Let $B_t$, $t\ge0$ be a standard Brownian motion and suppose $0<x_1<x_2<\cdots<x_n<1$. Then the conditional expectation $$ \mathbb E\left(\int_0^1 B_t\,dt \,\middle\vert\, B_0, B_{x_1},B_{x_2},\ldots,B_{x_n},B_1 \right) $$ is just the trapezoidal-rule approximation to the integral. Since expected values minimize mean squared errors, it follows that for every integrable function $g$, $$ \mathbb E\left(\left(\int_0^1 B_t\,dt - E\left(\int_0^1 B_t\,dt \,\middle\vert\, B_0, B_{x_1},B_{x_2},\ldots,B_{x_n},B_1 \right) \right)^2\right) \le \mathbb E\left(\left( \int_0^1 B_t \, dt - g(B_0, B_{x_1},B_{x_2},\ldots,B_{x_n},B_1) \right)^2\right). $$
A theorem I have seen attributed to Persi Diaconis (but is that correct?) says Simpson's rule is not admissible in the decision-theoretic sense. That means that for every convex function $L$ that we could put in place of the squaring function above, there is some measurable function $g$ such that for every probability distribution on functions $C_t$ on $[0,1]$, $$ \mathbb E\left(L\left(\int_0^1 C_t\,dt - g(C_0,C_{x_1},C_{x_2},\ldots,C_1)\right)\right) \le \mathbb E\left(L\left(\int_0^1 C_t\,dt - \operatorname{Simpson}(C_0, C_{x_1},C_{x_2},\ldots,C_{x_n},C_1)\right)\right), $$ and for at least one probability distribution the inequality is strict.

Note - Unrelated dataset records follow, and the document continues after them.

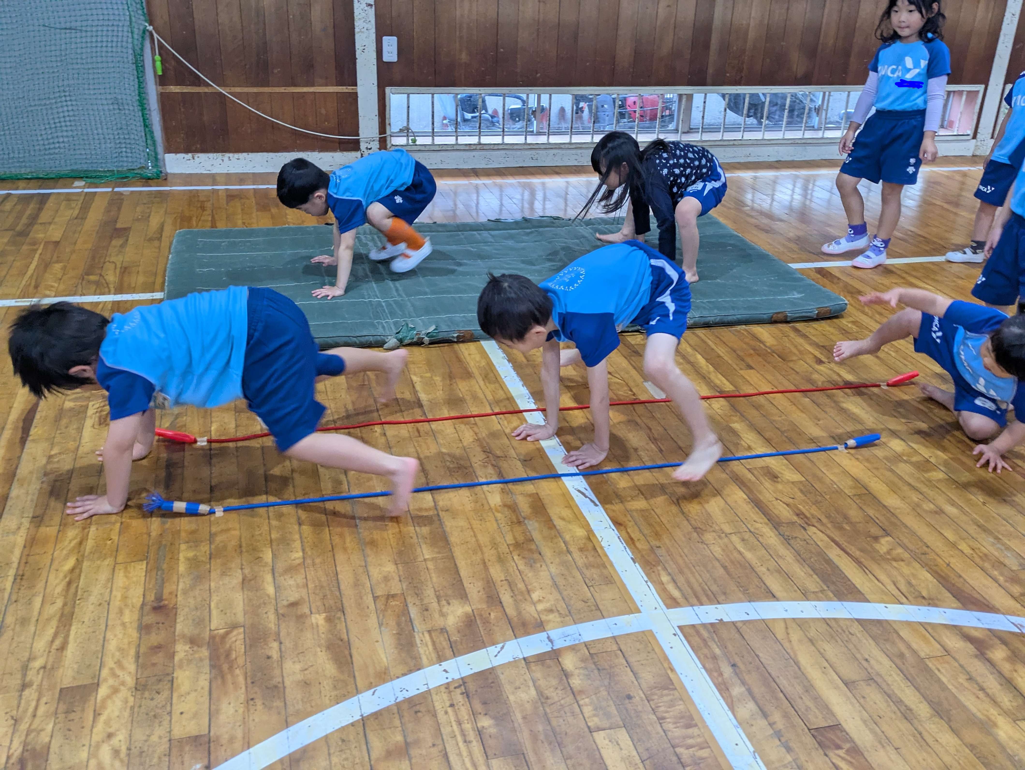 跳び箱では、大きく脚を開いてとべるようになりましたね!手を最後まで着いて、跳び箱を押して跳ぶようにしましょう!
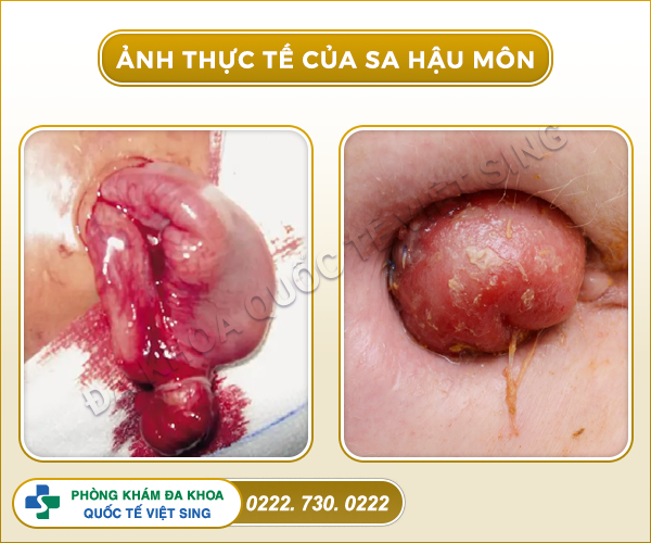- Hậu môn xuất hiện khối sa: lúc đầu khối sa nhỏ, độ sa ít, khối sa chỉ lộ khi dùng sức rặn rồi tự thụt vào. Tuy nhiên, theo thời gian mức độ sa ngày một nhiều, kích thước khối sa ngày một to thì chỉ cần đi lại, ngồi xổm, ho, hắt hơi là khối sa lại xuất hiện và không thể đẩy lên.
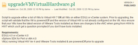 Данный перл-скрипт для VMware vSphere от известного уже вам Вильяма Лама позволяет проанализировать виртуальную инфраструктуру на наличие виртуальных машин на ESX с версией 4 Virtual Hardware и обновить ее до Virtual Hardware version 7.
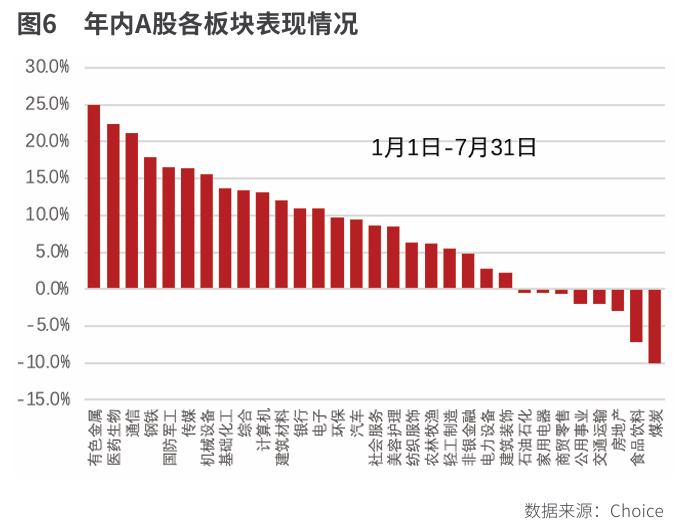 虽然全体市场不竭攀升,但市场的布局化特征仍较为较着。截至7月31日,年内领涨的板块别离是有色金属、医药生物、通信,涨幅均超20%;相对掉队的板块别离是煤炭、食物饮料、房地产,都有必然程度的下跌。这种布局化的特征明显添加了投资的难度,正在市场“下有底”的布景下,若何找到市场进攻的标的目的,是取得超额收益的环节。

Usually when Simpson's rule is applied, one is not thinking of probability at all. Does this result have any practical implications for numerical analysis in situations where no probabilities are mentioned? A Bayesian view that says all uncertainties can be expressed by probabilities would seem to imply that it does.